In Excel there is a built in function called LINEST. LINEST uses least squares analysis to find a first order equation which best fits known data. Its inputs are the independent variables (x values) which hopefully are drivers for the dependent variable or Y values. In this example, the X values are in the columns labeled X1 through X5, rows 12 through 19. The dependent or Y values are in the Y column in the corresponding rows.

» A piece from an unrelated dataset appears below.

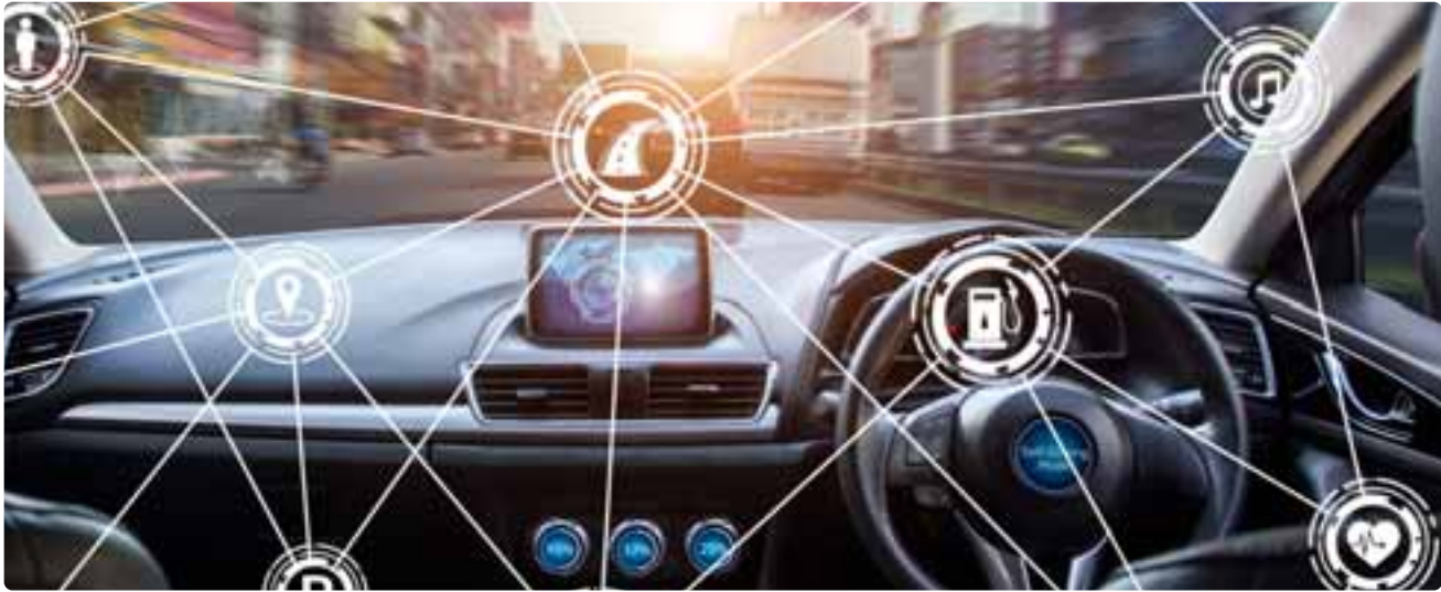
Autonomes Fahren und Elektromobilität stellen die Unternehmen vor Herausforderungen in der Weiterbildung.

Die befragten Unternehmen nannten eine Vielzahl von Themen und Herausforderungen, mit denen sie derzeit konfrontiert sind: Neben der umfassenden Herausforderung der Digitalisierung, die für 37 % der Unternehmen relevant ist, wurde der Fachkräftemangel am häufigsten – von insgesamt 58 % der Befragten – genannt. Dies führt dazu, dass einige Unternehmen nun versuchen, Fachkräfte auf internationaler Ebene zu rekrutieren. Es besteht insbesondere ein Bedarf an Fachkräften in den Bereichen Elektromobilität, autonomes Fahren und digitaler Integration. Die fortschreitende Entwick-

When we apply the LINEST function to our data set, its output is stored in the spreadsheet cells beginning in cell B2 down to cell G6. The LINEST function returns a lot of values, but we are only concerned with the ones in the first row. The values in the first row are the coefficients of an equation of the form y = C1*X1 + C2*X2 + C3*X3 + C4*X4 + C5*X5 + b. The LINEST output are in reverse order of the inputs, so I have reversed them in cells A8 through F8 so that they correspond directly to the X values in the cells below. The value b is a constant. So now we have an equation which fits our data as best as we can using a first order equation.
We then apply the equation to the X values one row at a time and put the result of this calculation in the column Yr. If our curve fitting were perfect, each value in column Yr would be exactly the same the correspond value in column Y. However, because this is just some random numbers it's hard to get any kind of fit at all. But, as a check on the calculation we sum up the values in columns Y and Yr for rows 12 through 19 and we see that the sums are exactly the same. If these sums are not the same, then some thing is wrong with the calculation.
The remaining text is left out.